Nessa altura, foram muitos os que rumaram ao Reino Unido,
nomeadamente polacos, criando alguma animosidade mas fazendo muito
trabalho, e que hoje começam a regressar à Polónia. Agora, os
ingleses temem a “invasão” dos romenos ou dos búlgaros, que
ainda não se revelou catastrófica. Um estudo recente de dois
professores de Oxford, publicado no Guardian, estabelece uma ligação
perigosa entre a rejeição dos imigrantes e a rejeição da Europa.
Ou seja, quando sobe a rejeição aos imigrantes, sobe na mesma
proporção o não à Europa. Desligar esta ligação não será
fácil.
Para Cameron a
questão é mais simbólica do que real. É verdade que as condições
oferecidas pelo Reino Unido aos imigrantes europeus eram (já houve
alterações) das mais generosas da Europa. Também é verdade que a
entrada de imigrantes no país não tem parado de aumentar, graças
também aos efeitos das políticas de austeridade em alguns países
europeus, mais afectados pela crise. Mas o desemprego britânico tem
vindo a baixar acentuadamente, diminuindo a pressão sobre os
alegados postos de trabalho que os imigrantes roubariam.

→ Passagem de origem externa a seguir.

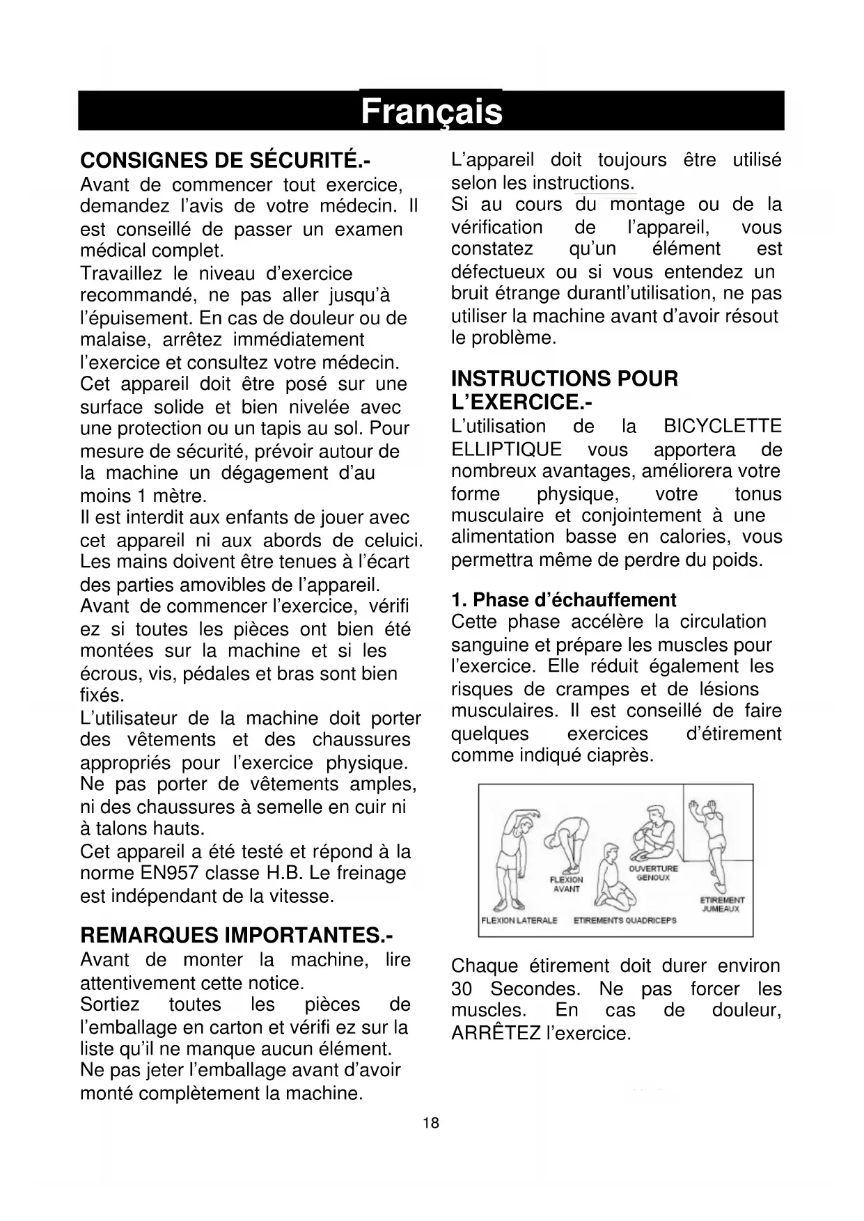 Avant de commencer tout exercice, demandez l’avis de votre médecin. Il est conseillé de passer un examen médical complet. Travaillez le niveau d’exercice recommandé, ne pas aller jusqu’à l’épuisement. En cas de douleur ou de malaise, arrêtez immédiatement l’exercice et consultez votre médecin. Cet appareil doit être posé sur une surface solide et bien nivelée avec une protection ou un tapis au sol. Pour mesure de sécurité, prévoir autour de la machine un dégagement d’au moins 1 mètre. Il est interdit aux enfants de jouer avec cet appareil ni aux abords de celuici. Les mains doivent être tenues à l’écart des parties amovibles de l’appareil. Avant de commencer l’exercice, vérifi ez si toutes les pièces ont bien été montées sur la machine et si les écrous, vis, pédales et bras sont bien fixés. L’utilisateur de la machine doit porter des vêtements et des chaussures appropriés pour l’exercice physique. Ne pas porter de vêtements amples, ni des chaussures à semelle en cuir ni à talons hauts. Cet appareil a été testé et répond à la norme EN957 classe H.B. Le freinage est indépendant de la vitesse. REMARQUES IMPORTANTES.- Avant de monter la machine, lire attentivement cette notice. Sortiez toutes les pièces de l’emballage en carton et vérifi ez sur la liste qu’il ne manque aucun élément. Ne pas jeter l’emballage avant d’avoir monté complètement la machine. L’appareil doit toujours être utilisé selon les instructions. Si au cours du montage ou de la vérification de l’appareil, vous constatez qu’un élément est défectueux ou si vous entendez un bruit étrange durantl’utilisation, ne pas utiliser la machine avant d’avoir résout le problème. INSTRUCTIONS POUR L’EXERCICE.- L’utilisation de la BICYCLETTE ELLIPTIQUE vous apportera de nombreux avantages, améliorera votre forme physique, votre tonus musculaire et conjointement à une alimentation basse en calories, vous permettra même de perdre du poids.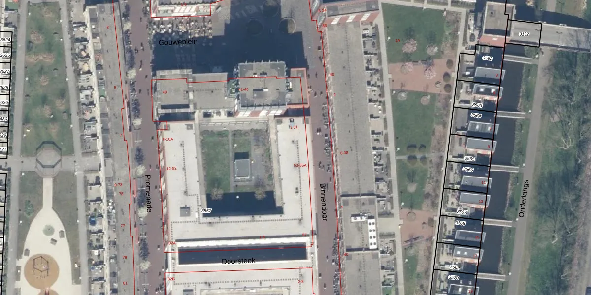 Het perceel waarop Promenade 80 staat heeft een oppervlakte van 3,1 ha. Dit is een zeer groot perceel. De perceeloppervlakte wordt geregistreerd door het Kadaster. Gedetailleerde informatie over de maten van dit perceel kunt u vinden in het rapport Kadastrale kaart met maatvoering van Promenade 80.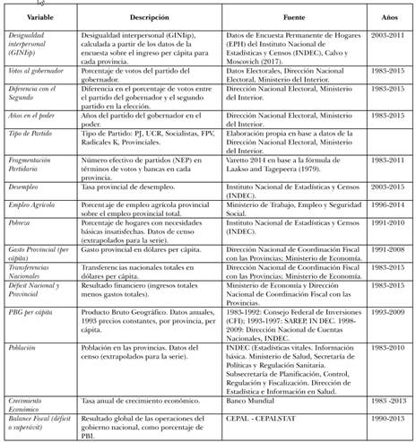 En primer lugar, este trabajo muestra que el efecto de los factores políticos sobre la desigualdad en el nivel subnacional se da a través de cambios en el mercado de trabajo (algo que también muestran Kelly y Witko, 2012, para el caso norteamericano cuando constatan la incidencia del «salario mínimo» sobre la desigualdad). Esto es muy relevante porque hasta ahora se consideraba que los niveles subnacionales tenían poca relevancia respecto de las características del mercado laboral. En segundo lugar, ilustra empíricamente los peligros, señalados más arriba, de asumir linealmente los postulados teóricos y los hallazgos de teorías válidas en el nivel nacional (en este caso la TRP) cuando se dan cambios de escala hacia el nivel subnacional. Creemos pertinente concluir la revisión de estos trabajos señalando tres cuestiones que nos parecen relevantes. En primer lugar, todos ellos usan como variables de control algunas variables socioeconómicas tales como población y necesidades básicas insatisfechas (Calvo y Moscovich 2017), desempleo, porcentaje de población de edad avanzada y población no blanca, producción manufacturera (Kelly y Witko, 2012), y PBI per capita e infraestructura sanitaria (Sátyro, 2013). Todas ellas son idénticas o muy similares a las utilizadas por los estudios que se ubican nivel nacional (ver, por ejemplo, Huber y Stephens, 2012, para América Latina, y Bradley, et. al., 2003, para los países desarrollados). Esto es, respecto de las variables socioeconómicas, estos trabajos usan también la estrategia del traslado del nivel nacional al subnacional.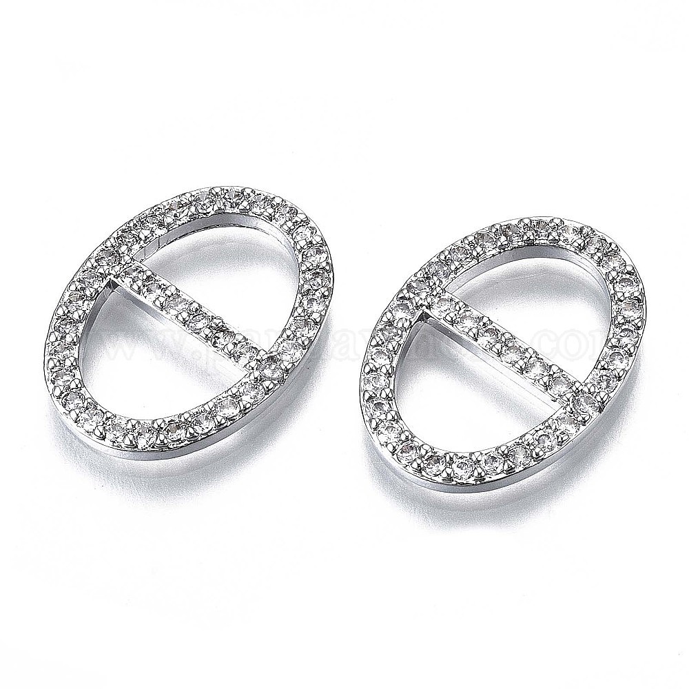 Латунные соединители звеньев микропаве, прозрачные кубические циркония, без кадмия, без никеля и без свинца, овальные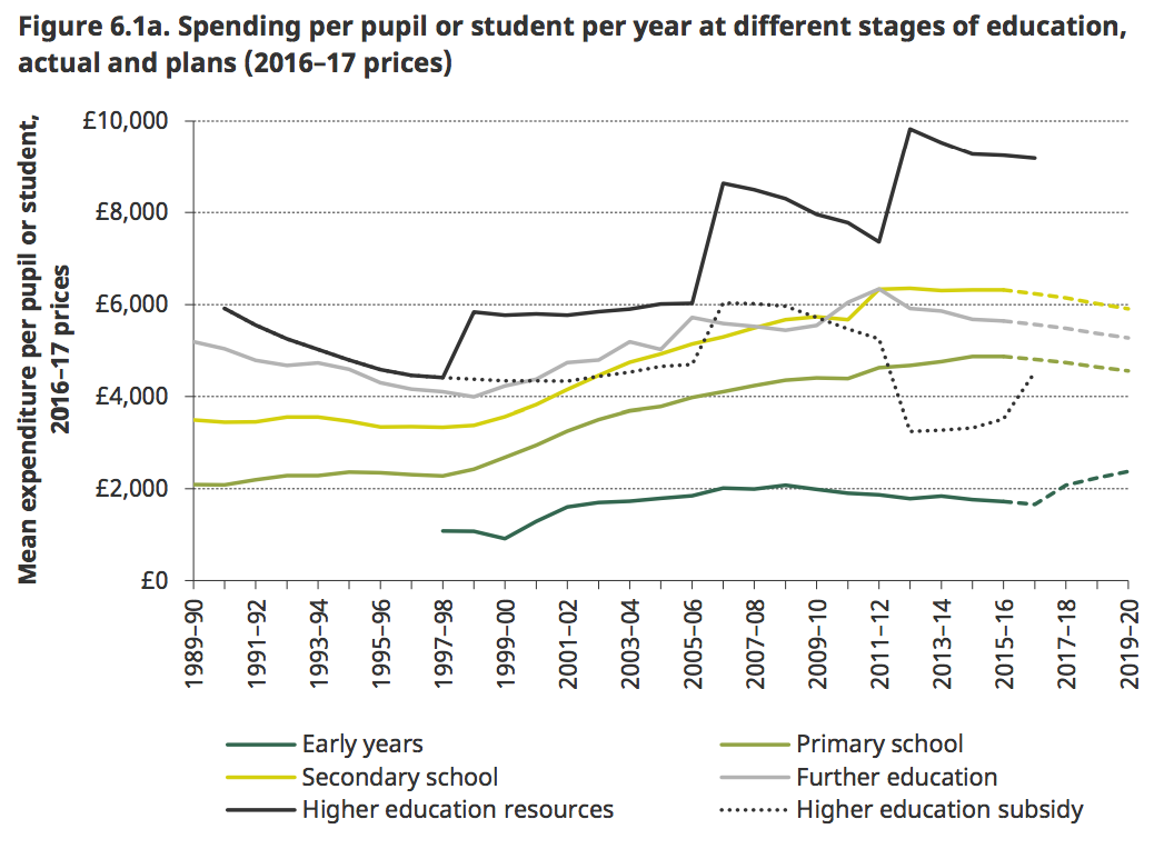 Source: IFS, Long-run comparisons of spending per pupil across different stages of education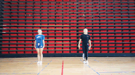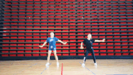 5—6拍:分腿屈膝半蹲,双手侧平举。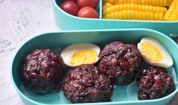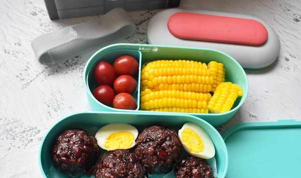 第八步把制作好的粘豆包放入便當盒,玉米和聖女果也放入便當盒。這個便當盒有彈性綁帶,攜帶方便。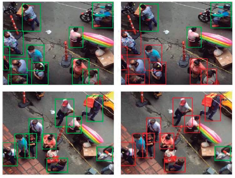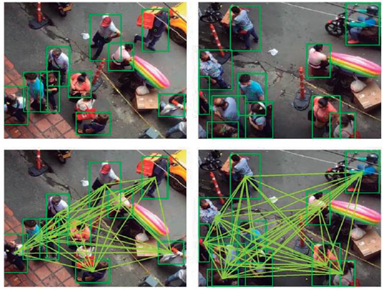 En adición, en la figura 4, se presenta una comparación entre las imágenes con los centroides detectados y mostrados en la fila superior de la misma figura y los cen troides obtenidos posterior a la estimación de distancia. En color verde se muestra a quienes cumplen la medida de distanciamiento social, mientras que en color rojo se presenta a quienes no.

As
comunidades islâmicas já lá vivem há muito. Se os imigrantes
trabalharem não estão a pesar na segurança social.
4. David Cameron
adoptou uma estratégia que lhe pode sair cara. Terá ido longe
demais na sua retórica, deixando que a imigração dominasse a
opinião dos britânicos sobre a Europa. Deixou sair o génio da
garrafa e agora arrisca-se a não conseguir metê-lo de novo lá
dentro. Para ele, uma saída seria um duplo desastre, arriscando-se a
ficar na História como o líder britânico que acabou com a
Grã-Bretanha. A Escócia não perderia a oportunidade de um segundo
referendo para poder manter-se na Europa. O Reino Unido da
Grã-Bretanha e da Irlanda do Norte passaria a ser da Inglaterra, do
País de Gales e da Irlanda do Norte, pelo menos até ver. Além
disso, num mundo de gigantes que voltou a ser multipolar, é difícil
manter a influência quando se está sozinho. Chris Patten, numa
entrevista recente, resumiu a questão numa só frase: “Não
conheço na História moderna, nenhum país que tenha decidido passar
da primeira divisão para a segunda.” O risco é que, sejam quais
forem as concessões obtidas, Cameron pode ter de enfrentar um estado
de espírito dos britânicos que, como mostram as sondagens, não
estão propriamente nos seus melhores dias. E há ainda outro risco
importante ainda que pouco valorizado: no estado em que a Europa se
encontra, essa saída alimentaria quase de certeza as tendências
centrífugas de outros países europeus.